8.8.9 Adjournment                                                                    
The chairman, deputy chairman or a majority of the Council members present, whether or not a quorum is present, may adjourn any meeting to another time and place. The meeting may not be reconvened, and no business may be conducted, unless all members are given notice of the time and place for reconvening the meeting. Notice of the time and place for reconvening the meeting shall be given in accordance with the provisions of these Bylaws.

8.8.10 Action Without a Meeting
Any action that the Council is required or permitted to take may be taken without a meeting, if there is unanimous consent of the Council in writing to that action. Such action by written consent shall have the same force and effect as the unanimous ballot of the Council. Such consents shall be filed with the minutes of the proceedings of the Council.

8.9 COMMITTEES

8.9.1 Committees of the Council
The Council, by a resolution that is adopted by a two-thirds (2/3) ballot, may create, combine or dissolve one (1) or more committees, each consisting of no less than two (2) and no more than five (5) Council members (but no persons who are not Council members) to serve at the pleasure of the Council. Appointments to committees of the Council shall be by a simple majority ballot of the Council. The Council may appoint one (1) or more Council members as alternate members of any such committee, who may replace any absent Council member at any meeting. Any such committee shall operate to the extent allowed by Council resolutions pertaining to the Committee, except that no committee, regardless of a Council resolution, may:
(a) Take any final action on any matters, including, but not limited to filling vacancies on the Council, amending the Articles of Incorporation, Constitution, Bylaws or Rules of Association; amending or rescinding resolutions of the Council; approving any contracts or transactions; approving relationships with other religious organizations.
(b) Create any other committees of the Council or appoint members to, or fill vacancies in, committees created by the Council.
(c) Take any final action, regardless of Council resolution, that requires action by the General Conference or the Council.

8.9.2 Meetings and Actions of Committees
Meetings and actions of a committee of the Council shall be governed either by Council resolution or, if there is none, by resolution of the committee of the Council. Minutes of each meeting of any committee of the Council shall be kept and shall be filed with the corporate records. The Council may adopt rules for the governance of any committee that are consistent with these Bylaws; or, in the absence of rules adopted by the Council, the committee may adopt such rules.
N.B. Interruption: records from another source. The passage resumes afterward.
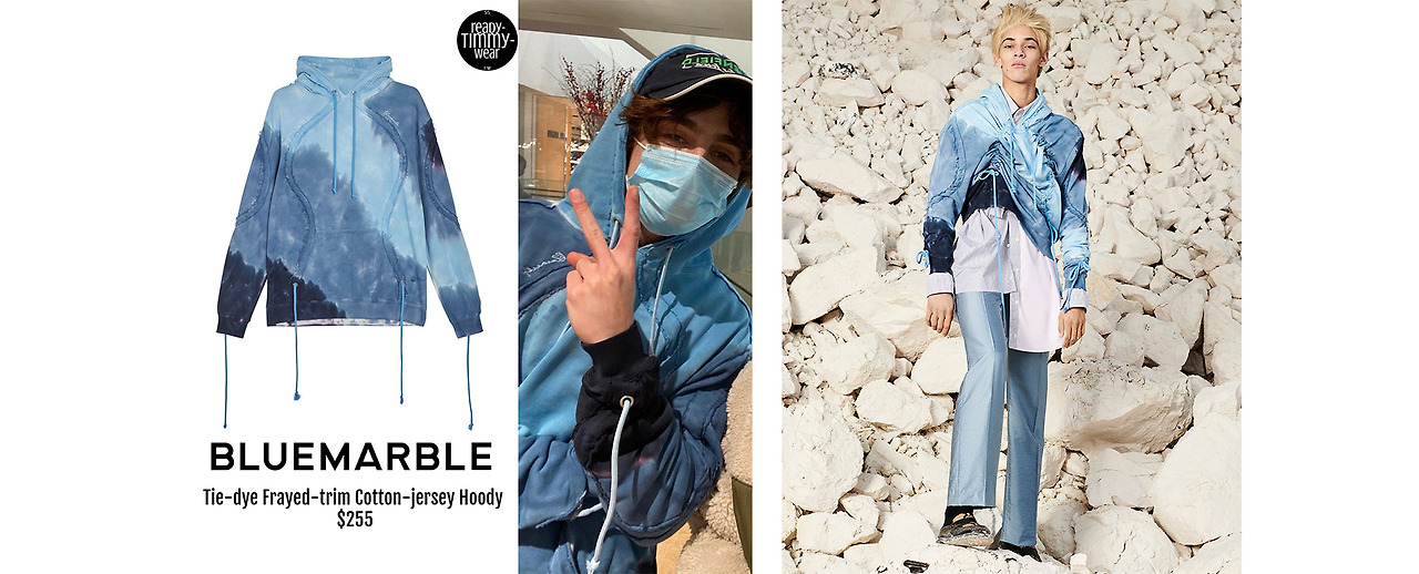 하지만 우리가 굳이 걱정하지 않아도 BLUEMARBLE의 미래는 이미 화창한 것 같다. 슈퍼스타인 저스틴 비버(Justin Bieber)와 티모시 살라메(Timothée Chalamet)가 브랜드의 찐팬임을 진작에 인정했으니 말이다. 저스틴은 라인 스톤으로 장식된 데님을, 티모시는 푸른빛의 후디를 착용하여 팬들을 비롯한 패션 피플들의 관심을 받았다.
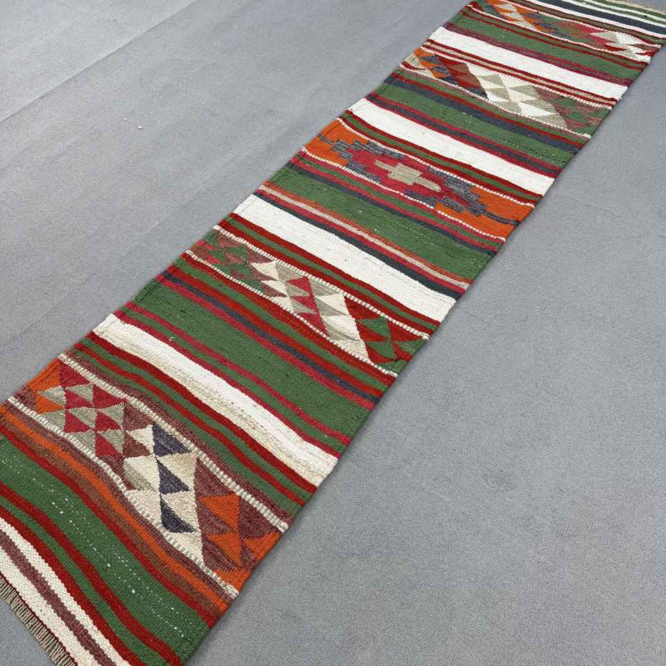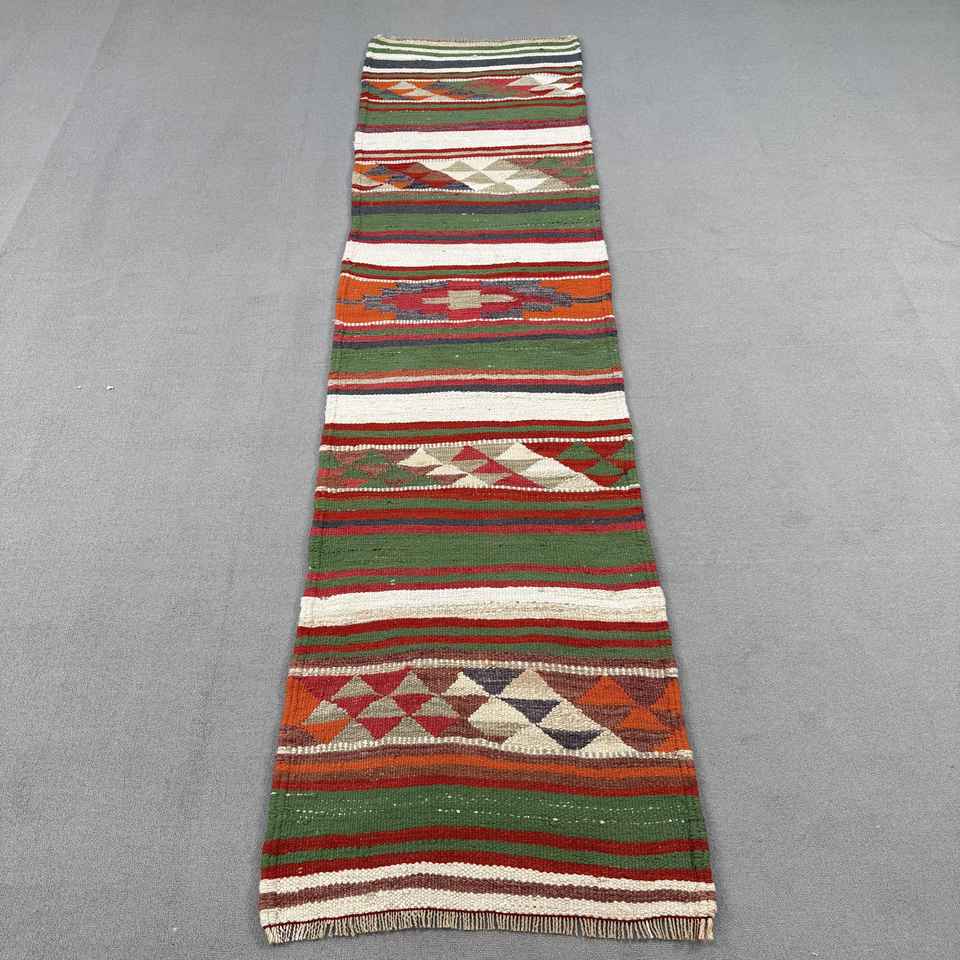 Turkish 2.4x9.6 ft Rug, Runner Vintage Rug, Green Red Oriental Rug
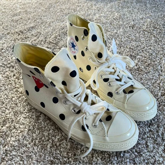 PRODUCT DETAILS Rubber toe cap High-top silhouette Lace-up closure Polka dot print Cotton canvas upp... Show more
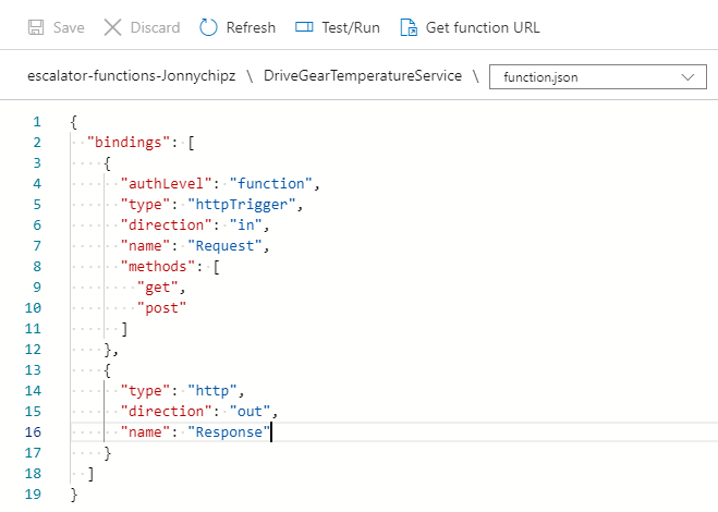 If we check for the ‘function.json’ we can see our Binding:
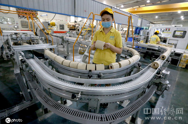 2019年9月17日,四川環(huán)龍新材料有限公司的工人們正在包裝生產(chǎn)“斑布”竹材料本色紙。近年來,四川省眉山市通過政策引導和資金扶持,加大對竹產(chǎn)業(yè)制造企業(yè)的技術改造。經(jīng)過技術改造和投入后,企業(yè)產(chǎn)能效益及市場競爭力大幅提升。
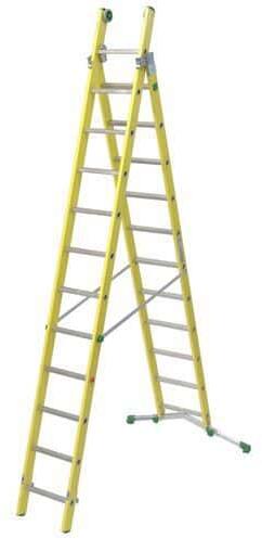 Üveglaminát létra a fokozott kockázatú elektromos kisüléses üzemekbe. A létra tanúsítvánnyal rendelkezik, és megfelel az EN 131 és az EN 61478 szabványoknak, I. kategória - 30.000 Volt. Összeállítható álló kettes létraként vagy támasztó létraként. Stabilizációs teleszkópos 83 cm – 128 cm széles bázis, műanyag csúszásgátló talpak. A létra felső részében k
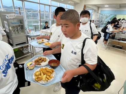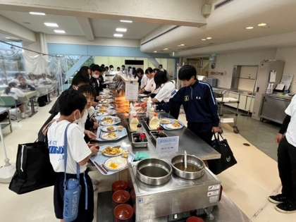 食事はビュッフェ形式!サラダに淡路島名物の玉ねぎサラダにオニオンスープ、ナゲットにポテトなど、デザートにプリンまである豪華な食事でした。
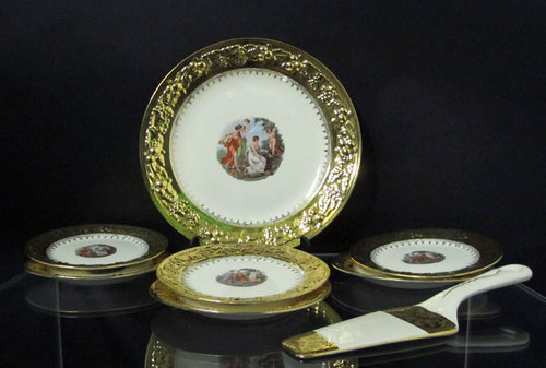 Title (ebay affiliate link): Vintage 22k Gold Gilt Greek Beauty Transfer Desert Cake China 8 Piece Set yqz
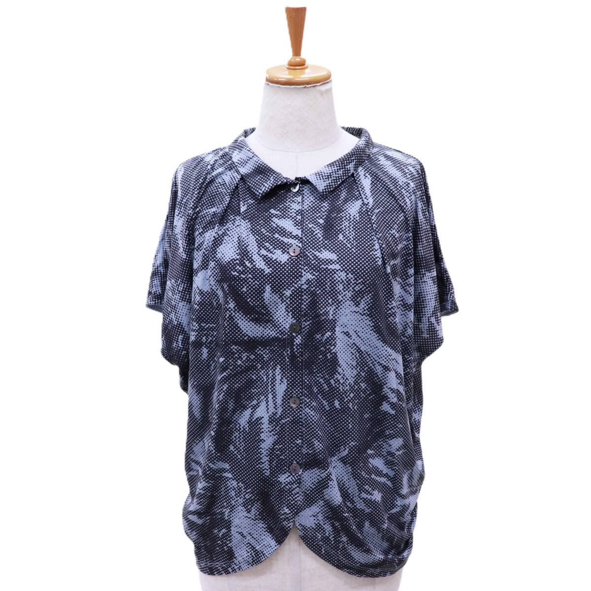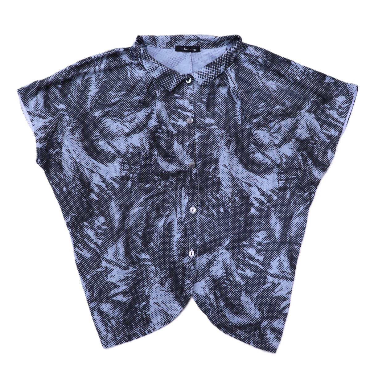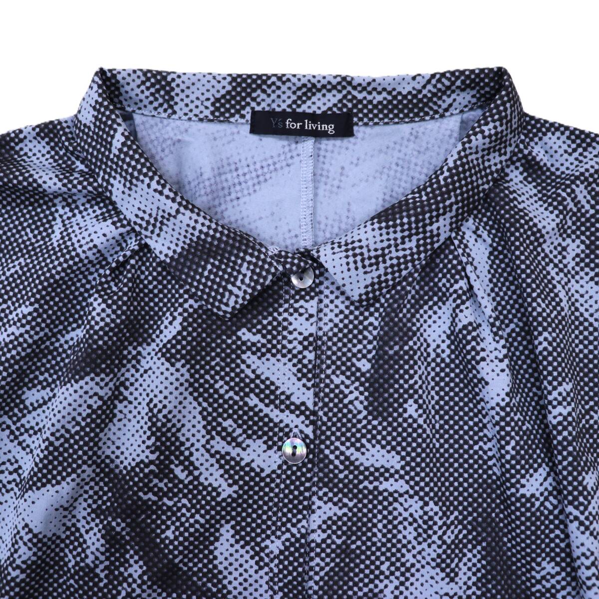 Y's for living_ワイズフォーリビング◆フレンチスリーブシャツブラウス/コットン/灰色系/総柄
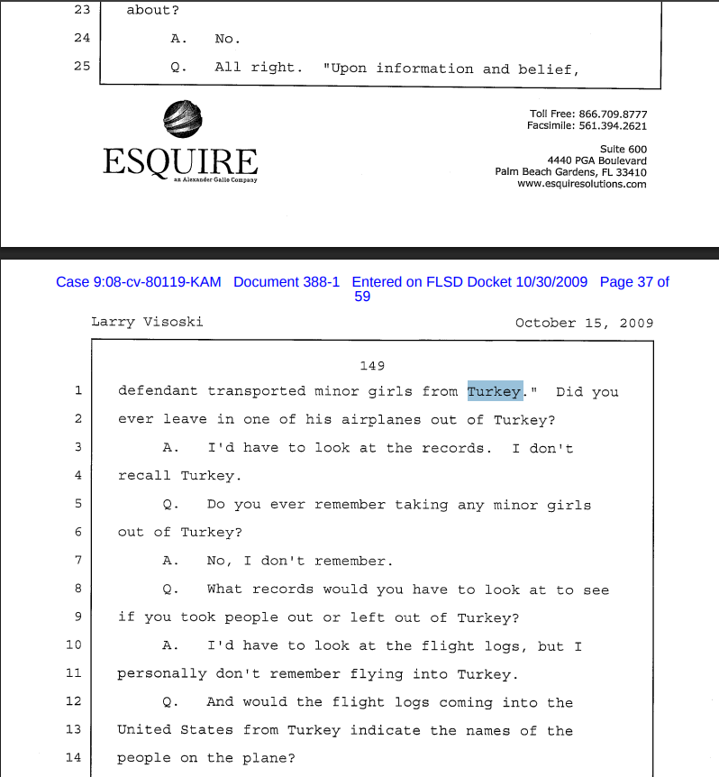 ABD Adalet Bakanlığı tarafından yayınlanan Epstein dosyalarında, milyarder sapığın sır küpü olarak bilinen ve yaklaşık otuz yıl boyunca özel pilotluğunu yapan Larry Visoski'nin savcılık ifadeleri de yer aldı. Savcının Visoski'ye Türkiye hakkında sorduğu sorular dikkat çekerken, Visoski'nin verdiği son cevap tüyler ürpertti.
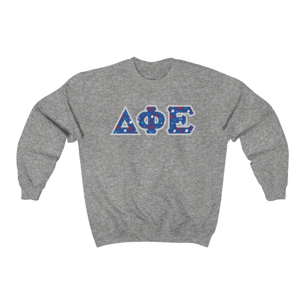 Delta Phi Epsilon Printed Letters | USA Stars Crewneck

8.9.3 Advisors to the Committees
Any committee of the Council is authorized and encouraged to utilize lay members and others as advisors. Advisors to Council committees may not ballot.

8.9.4 Member Advisory Committees                
The Council is authorized and encouraged to establish advisory committees comprised of lay members or members of the General Conference of UCGIA. Such advisory committees may include both men and women. These committees are ad hoc advisory panels established to provide input to the Council. The Council may, by resolution, delegate responsibilities to an advisory committee to the extent that those responsibilities could be delegated to anyone under law. An advisory committee has no final say in a decision regardless of what the advisory committee’s duties are as established by the Council or the Council committee to which it reports.

8.10 RIGHT OF APPEAL
All lay members of UCGIA have the right to appeal any disciplinary or other adverse actions or decisions against them to the Council, by following the process of appeal approved by the Council or within the Rules of Association. 

9.0 ARTICLE 9-OFFICERS AND OPERATION MANAGERS

9.1 OFFICERS
The officers of UCGIA shall be president, secretary and treasurer. They shall be approved by a two-thirds (2/3) secret ballot of the Council. If after three (3) ballots no candidate is elected, that officer vacancy can be filled by a ballot of a simple majority of the Council. Any officer of UCGIA serves at the pleasure of the Council and can be removed with or without cause by a two-thirds (2/3) ballot of the Council. At the regularly scheduled Council meeting just prior to the anniversary of each third year of service for each officer, the Council must reaffirm, with at least a simple majority, the continuance of each officer on an individual basis. If an officer is not so affirmed, he must step down effective on the date specified by the Council majority, and a replacement approved as soon as possible. No officer may serve concurrently in more than one (1) office. No officer of UCGIA, including the president, may serve concurrently as a member of the Council, except as provided in these Bylaws.  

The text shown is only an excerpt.